The E. coli BL21 strain is protease-deficient for optimal expression of a variety of recombinant proteins.
- High level expression of a variety of recombinant proteins
- Defective in E. coli strain B and wild-type restriction systems to permit high efficiency transformation with unmodified plasmid DNA
- Verified by RAPD fingerprint analysis using ready-to-go RAPD analysis kit
- Supplied lyophilised
Well suited for use with the GST gene fusion system, E. coli BL21 is an exemplary host for the expression of recombinant proteins. As an E. coli B strain, it further lacks the major protease, encoded by the lon gene, catalysing the endoproteolytic cleavage of damaged and recombinant proteins in the cell.
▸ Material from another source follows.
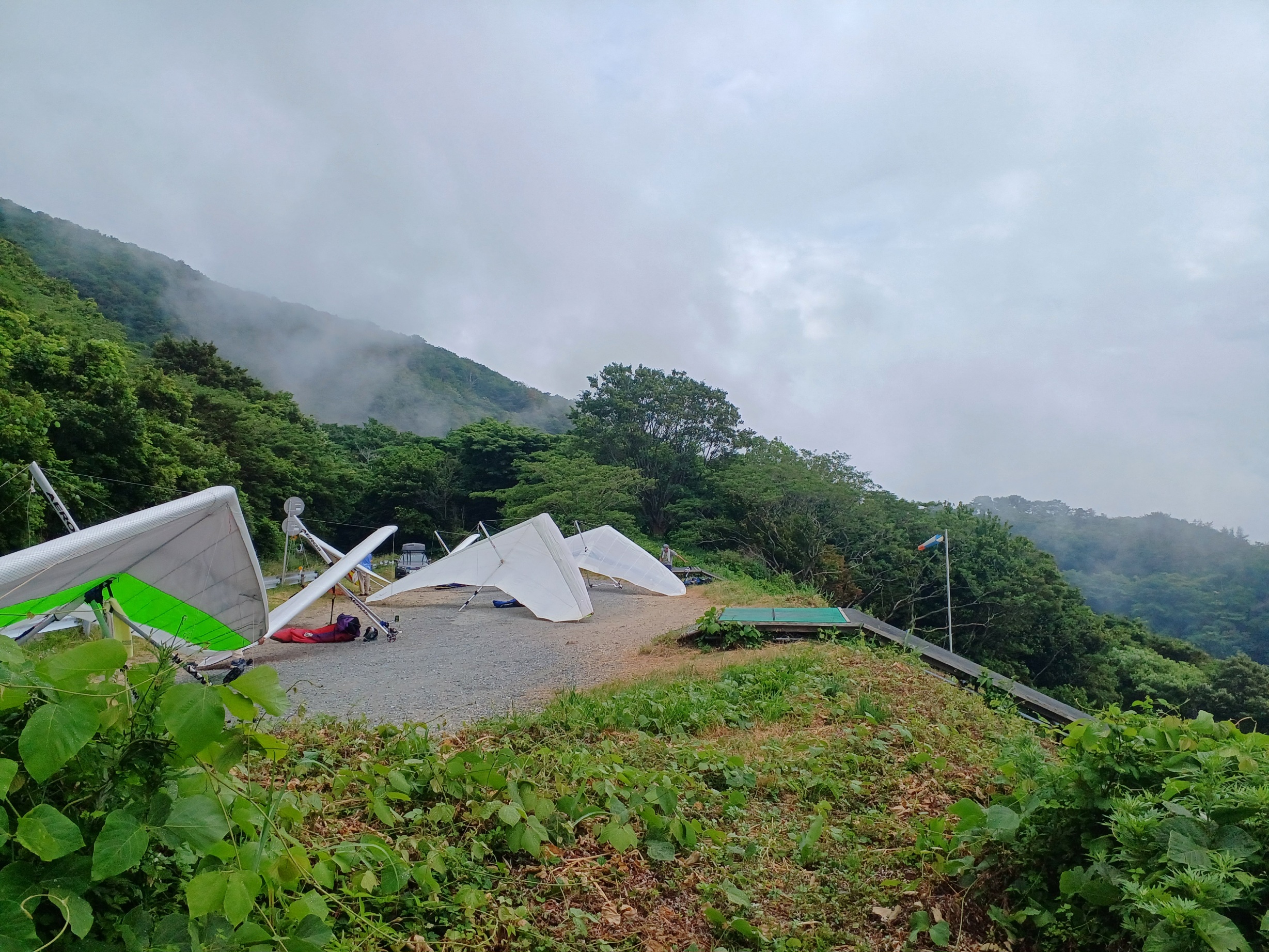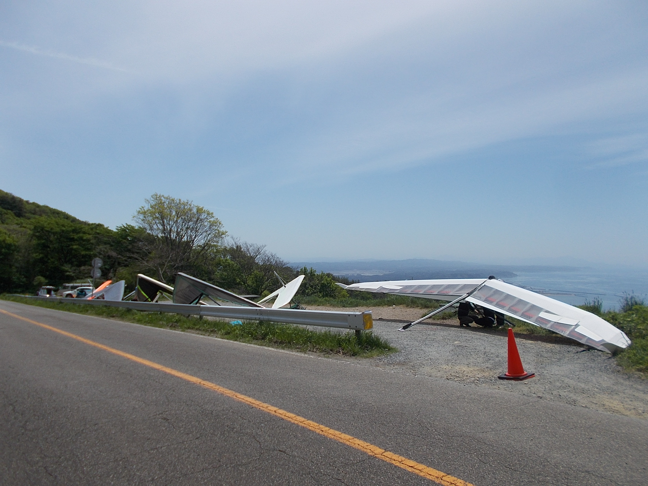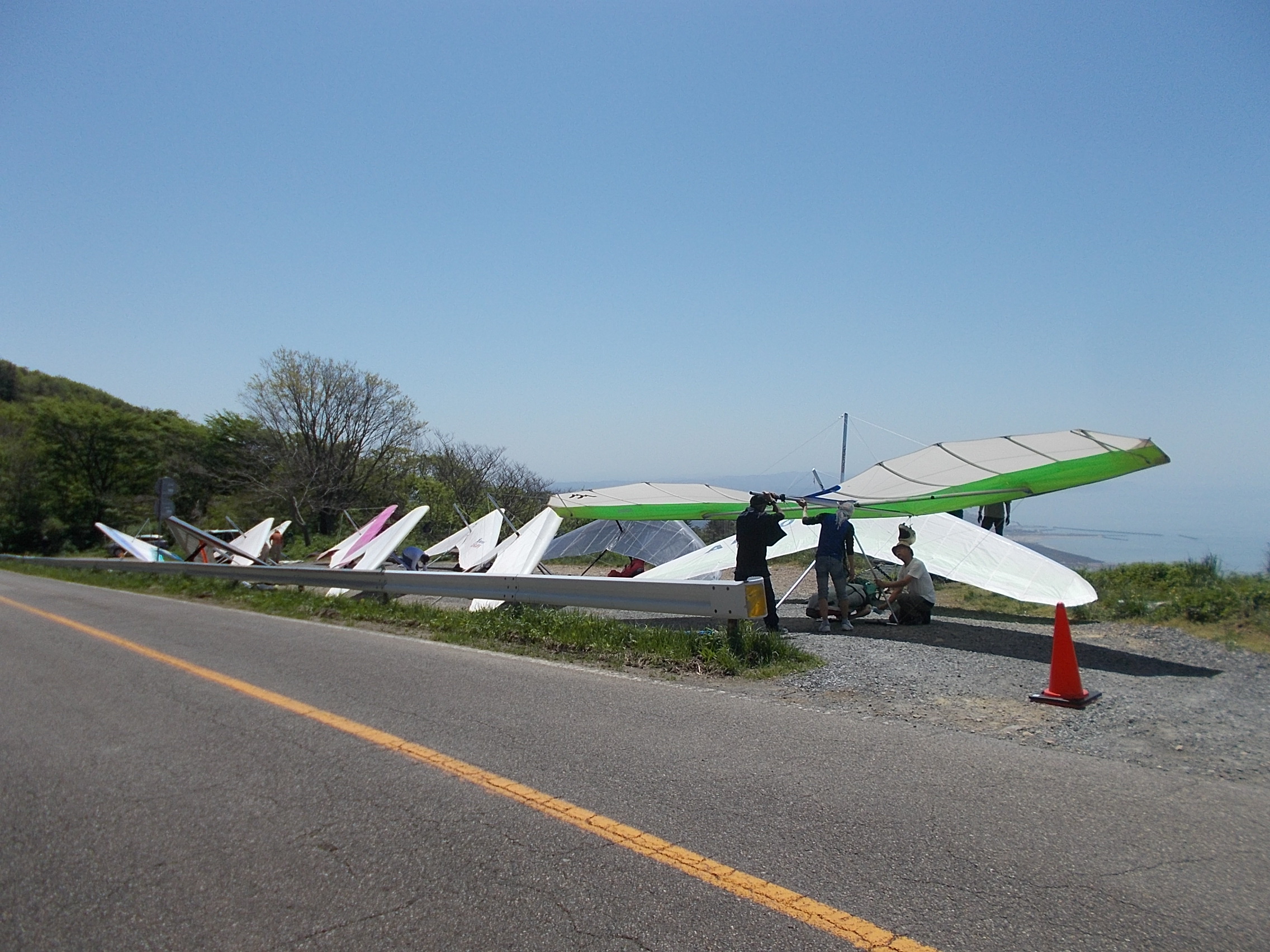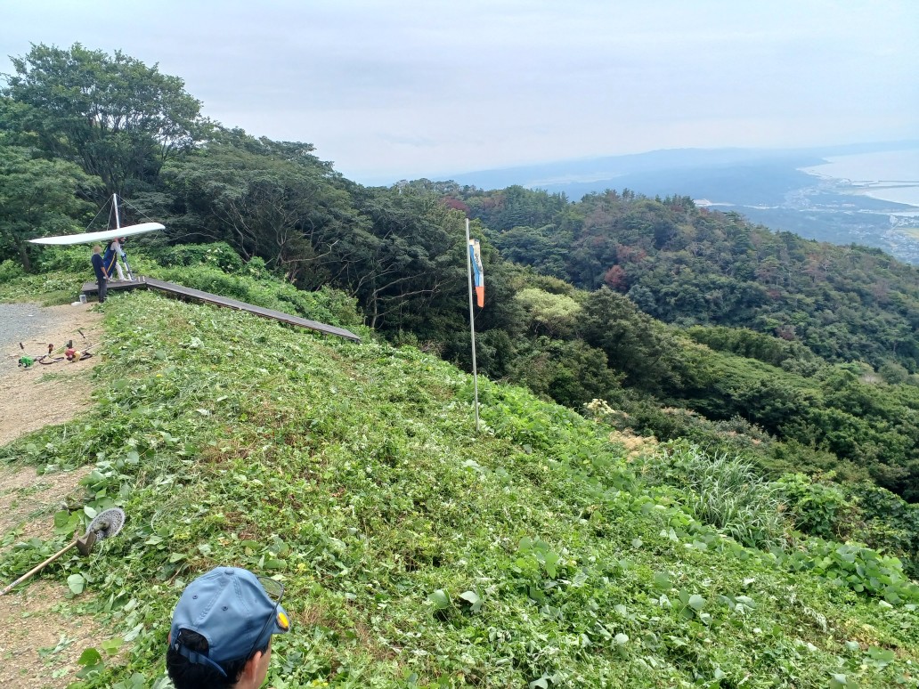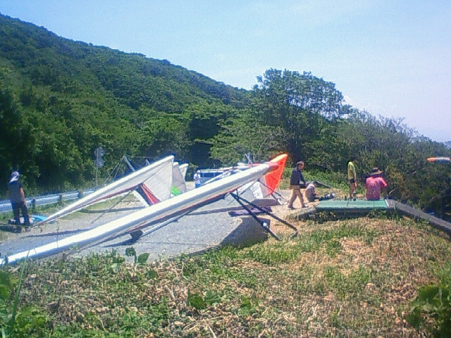 大会なのに悪条件予報で9名(ほぼ役員)集合!…ですが状況判断で競技員長が「大会中止!でフリーフライト!」宣言し『フライト希望者5』『草刈り希望者1』『サポート希望者3』それぞれの思惑で、校長号、ISD号、WSD号で出発!(^O^)/ TOいつもの到着時がベスト!曇りの中、北メインのブロー待ちで、一号機KRI発射!('◇')ゞ 弱いリフトあれど揚がらず滞空永めで北6〜7のエスカレーターランディング(^^)/ 続いて二、三、四号機同様(-_-;) ブローが弱くなりラストのATOS、2時過ぎまで待って断念(>_<)

The protease-minus nature of BL21 makes it useful as an expression host. Since BL21 does not transform well, use an alternate strain for cloning and maintenance of the vector.
Genotype: The BL21 strain is derived from E. coli B. The genotype is F-, ompT, hsdS (rB -, mB -), gal, dcm.
Growth conditions: Resuspend lyophilised cultures in 1 ml of LB medium. Grow overnight at 37 °C before plating onto LB agar plates.
Storage conditions: −20 °C. Mix equal volumes of stationary phase culture (grown in LB medium) and glycerol. Store at –70 °C. Revive frozen glycerol stocks of BL21 by streaking onto LB agar plates.